Problem details
Each line of the data below between the one containing "Mno tak toto" and the one containing "Gran cantidad de", both included, is to be repeated exactly. Please omit pictures.

Records shown
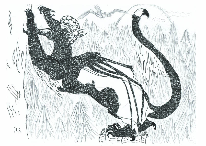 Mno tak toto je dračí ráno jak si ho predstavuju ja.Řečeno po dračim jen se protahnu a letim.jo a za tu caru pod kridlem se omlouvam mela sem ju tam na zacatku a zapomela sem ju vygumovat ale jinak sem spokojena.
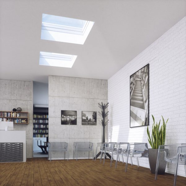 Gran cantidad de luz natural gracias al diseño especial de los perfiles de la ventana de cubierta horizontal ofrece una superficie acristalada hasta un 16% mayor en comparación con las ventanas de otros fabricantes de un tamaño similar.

--

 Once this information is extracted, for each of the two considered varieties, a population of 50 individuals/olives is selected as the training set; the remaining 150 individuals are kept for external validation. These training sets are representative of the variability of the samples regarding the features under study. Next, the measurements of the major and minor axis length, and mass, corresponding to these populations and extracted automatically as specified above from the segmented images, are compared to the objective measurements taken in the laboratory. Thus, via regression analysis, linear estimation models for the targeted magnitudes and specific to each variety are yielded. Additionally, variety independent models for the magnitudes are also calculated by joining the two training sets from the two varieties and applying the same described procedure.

Answer to this task
 Mno tak toto je dračí ráno jak si ho predstavuju ja.Řečeno po dračim jen se protahnu a letim.jo a za tu caru pod kridlem se omlouvam mela sem ju tam na zacatku a zapomela sem ju vygumovat ale jinak sem spokojena.
 Gran cantidad de luz natural gracias al diseño especial de los perfiles de la ventana de cubierta horizontal ofrece una superficie acristalada hasta un 16% mayor en comparación con las ventanas de otros fabricantes de un tamaño similar.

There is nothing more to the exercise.